*Data to examine:*

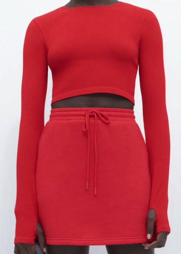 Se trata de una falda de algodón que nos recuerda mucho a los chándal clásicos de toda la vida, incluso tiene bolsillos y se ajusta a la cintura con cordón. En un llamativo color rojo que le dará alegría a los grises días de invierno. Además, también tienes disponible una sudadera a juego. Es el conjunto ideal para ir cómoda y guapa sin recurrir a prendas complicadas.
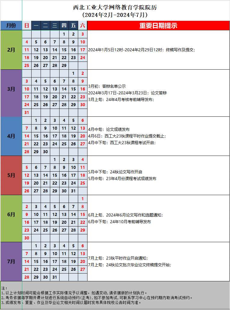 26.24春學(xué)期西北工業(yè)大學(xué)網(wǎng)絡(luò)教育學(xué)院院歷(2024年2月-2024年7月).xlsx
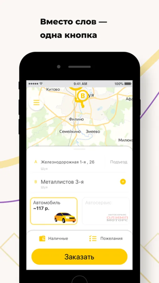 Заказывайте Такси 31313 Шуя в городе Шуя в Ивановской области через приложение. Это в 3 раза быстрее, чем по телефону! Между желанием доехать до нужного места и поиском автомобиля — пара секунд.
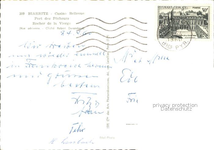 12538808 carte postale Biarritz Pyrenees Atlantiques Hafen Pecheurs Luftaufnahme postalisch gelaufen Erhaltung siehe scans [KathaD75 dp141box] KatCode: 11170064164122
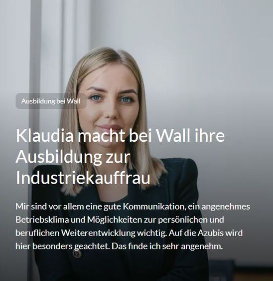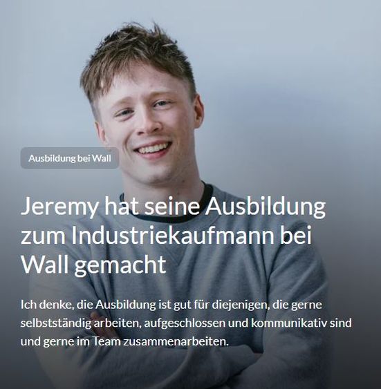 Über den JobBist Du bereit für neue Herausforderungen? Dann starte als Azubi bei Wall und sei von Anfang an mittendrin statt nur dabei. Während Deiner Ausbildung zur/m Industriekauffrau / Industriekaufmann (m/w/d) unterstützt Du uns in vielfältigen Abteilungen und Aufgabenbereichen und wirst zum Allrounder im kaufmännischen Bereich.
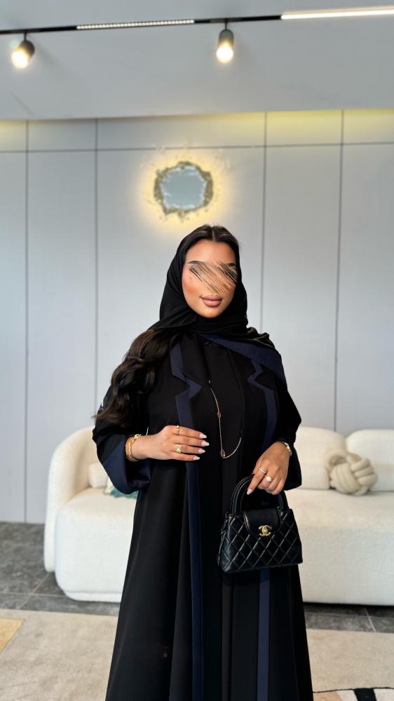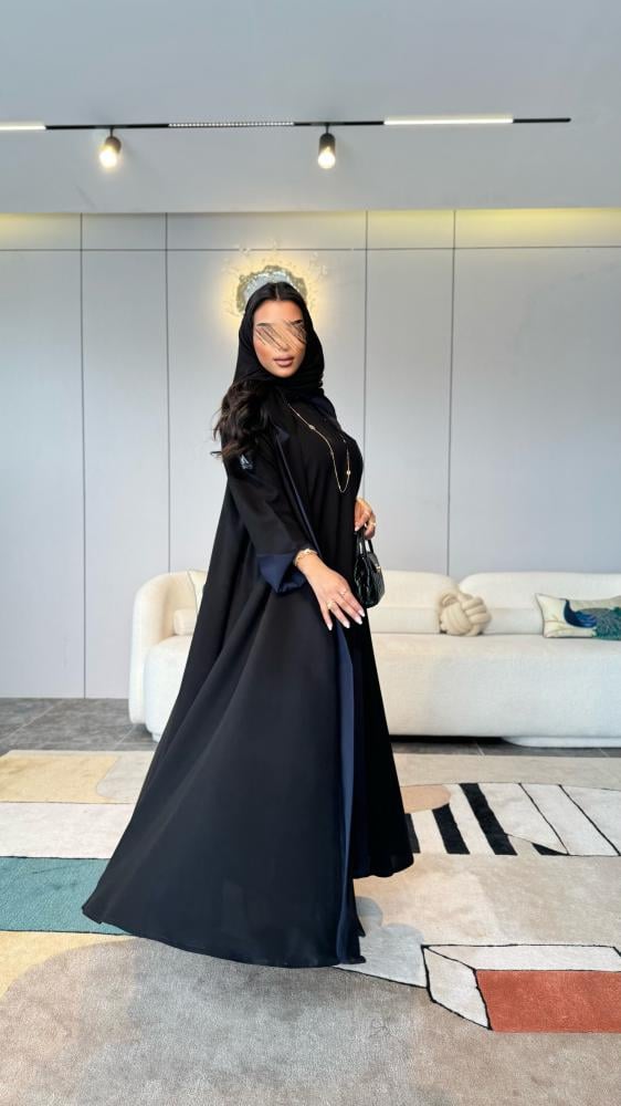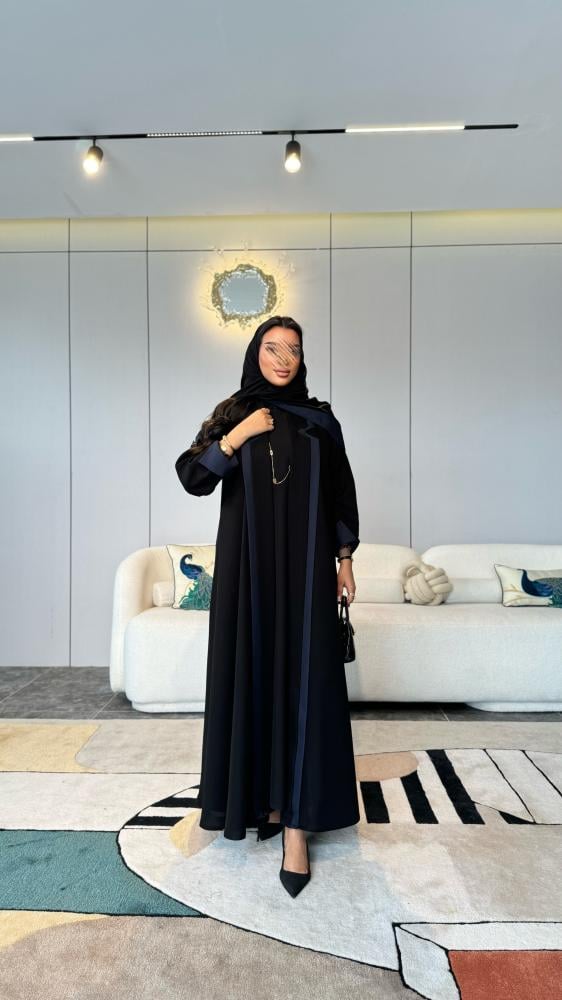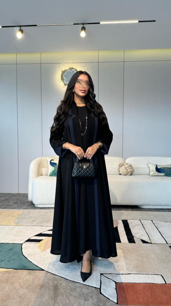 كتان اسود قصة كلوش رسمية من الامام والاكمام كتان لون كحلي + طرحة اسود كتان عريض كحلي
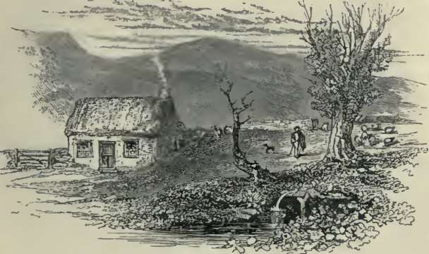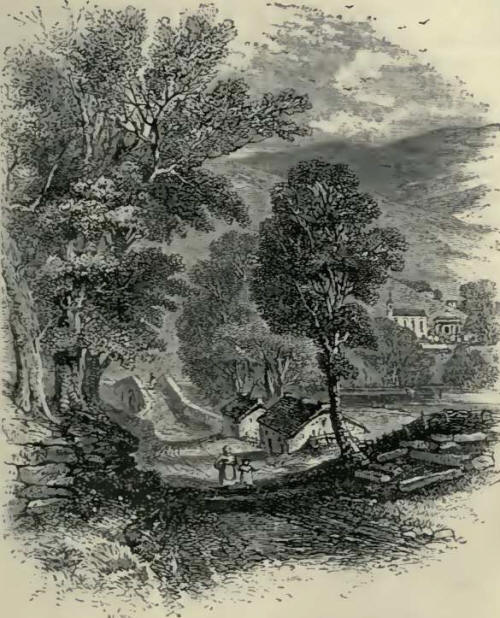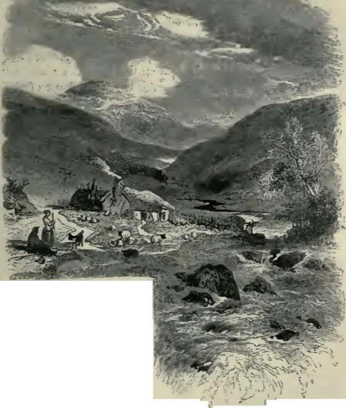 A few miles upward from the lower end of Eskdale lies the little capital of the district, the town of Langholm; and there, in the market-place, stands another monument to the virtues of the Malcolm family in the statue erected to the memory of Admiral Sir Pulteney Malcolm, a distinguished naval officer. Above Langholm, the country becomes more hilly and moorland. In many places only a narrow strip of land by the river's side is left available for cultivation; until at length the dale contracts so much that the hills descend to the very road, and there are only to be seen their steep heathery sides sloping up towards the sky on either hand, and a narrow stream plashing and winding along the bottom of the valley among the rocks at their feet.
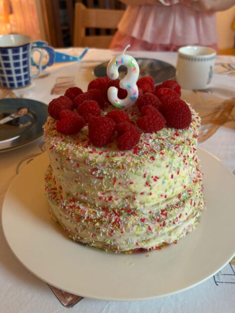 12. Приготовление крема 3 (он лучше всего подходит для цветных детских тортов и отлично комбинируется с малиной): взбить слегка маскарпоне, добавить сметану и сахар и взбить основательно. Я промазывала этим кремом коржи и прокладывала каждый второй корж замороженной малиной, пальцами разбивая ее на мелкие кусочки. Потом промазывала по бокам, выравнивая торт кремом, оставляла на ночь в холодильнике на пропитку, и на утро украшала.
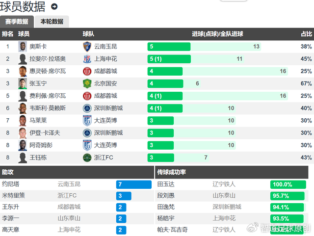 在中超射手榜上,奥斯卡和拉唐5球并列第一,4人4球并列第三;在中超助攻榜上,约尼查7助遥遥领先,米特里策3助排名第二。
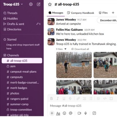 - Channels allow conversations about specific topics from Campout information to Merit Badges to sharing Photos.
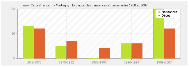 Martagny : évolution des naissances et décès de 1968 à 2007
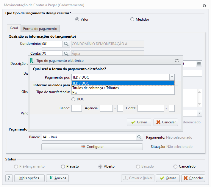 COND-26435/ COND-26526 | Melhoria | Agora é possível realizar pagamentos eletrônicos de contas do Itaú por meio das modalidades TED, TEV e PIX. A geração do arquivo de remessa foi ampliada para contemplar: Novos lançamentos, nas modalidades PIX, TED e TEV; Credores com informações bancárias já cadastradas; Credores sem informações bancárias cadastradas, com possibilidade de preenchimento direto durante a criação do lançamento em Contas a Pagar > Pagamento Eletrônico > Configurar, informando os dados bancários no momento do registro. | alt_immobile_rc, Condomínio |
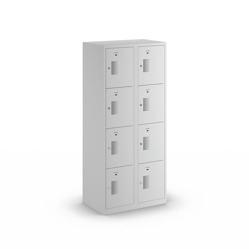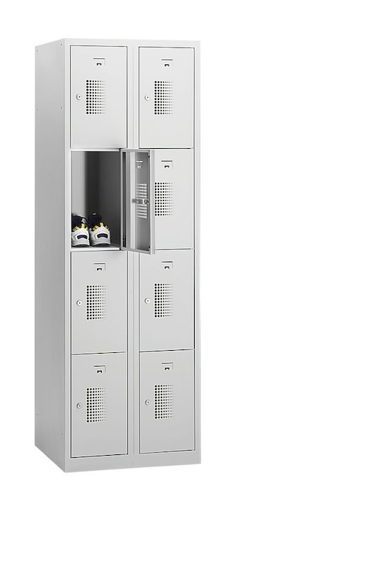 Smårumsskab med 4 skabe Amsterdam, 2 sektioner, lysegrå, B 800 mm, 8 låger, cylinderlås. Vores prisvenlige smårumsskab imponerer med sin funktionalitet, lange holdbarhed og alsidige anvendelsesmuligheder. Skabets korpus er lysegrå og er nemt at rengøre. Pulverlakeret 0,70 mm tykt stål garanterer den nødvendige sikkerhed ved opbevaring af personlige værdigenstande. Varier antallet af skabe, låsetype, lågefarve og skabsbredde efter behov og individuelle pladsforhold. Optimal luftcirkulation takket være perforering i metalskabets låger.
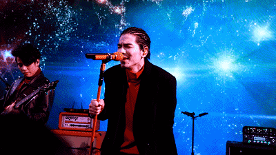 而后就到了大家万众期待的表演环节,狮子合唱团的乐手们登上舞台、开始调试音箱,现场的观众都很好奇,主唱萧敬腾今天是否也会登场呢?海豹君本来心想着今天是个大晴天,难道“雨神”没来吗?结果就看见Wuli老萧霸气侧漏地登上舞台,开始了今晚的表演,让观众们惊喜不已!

*Task directions:*
Restate the data word for word from its first line through the line with "كتان اسود قصة", leaving out any picture along the way.

*Your solution:*
 Se trata de una falda de algodón que nos recuerda mucho a los chándal clásicos de toda la vida, incluso tiene bolsillos y se ajusta a la cintura con cordón. En un llamativo color rojo que le dará alegría a los grises días de invierno. Además, también tienes disponible una sudadera a juego. Es el conjunto ideal para ir cómoda y guapa sin recurrir a prendas complicadas.
 26.24春學(xué)期西北工業(yè)大學(xué)網(wǎng)絡(luò)教育學(xué)院院歷(2024年2月-2024年7月).xlsx
 Заказывайте Такси 31313 Шуя в городе Шуя в Ивановской области через приложение. Это в 3 раза быстрее, чем по телефону! Между желанием доехать до нужного места и поиском автомобиля — пара секунд.
 12538808 carte postale Biarritz Pyrenees Atlantiques Hafen Pecheurs Luftaufnahme postalisch gelaufen Erhaltung siehe scans [KathaD75 dp141box] KatCode: 11170064164122
 Über den JobBist Du bereit für neue Herausforderungen? Dann starte als Azubi bei Wall und sei von Anfang an mittendrin statt nur dabei. Während Deiner Ausbildung zur/m Industriekauffrau / Industriekaufmann (m/w/d) unterstützt Du uns in vielfältigen Abteilungen und Aufgabenbereichen und wirst zum Allrounder im kaufmännischen Bereich.
 كتان اسود قصة كلوش رسمية من الامام والاكمام كتان لون كحلي + طرحة اسود كتان عريض كحلي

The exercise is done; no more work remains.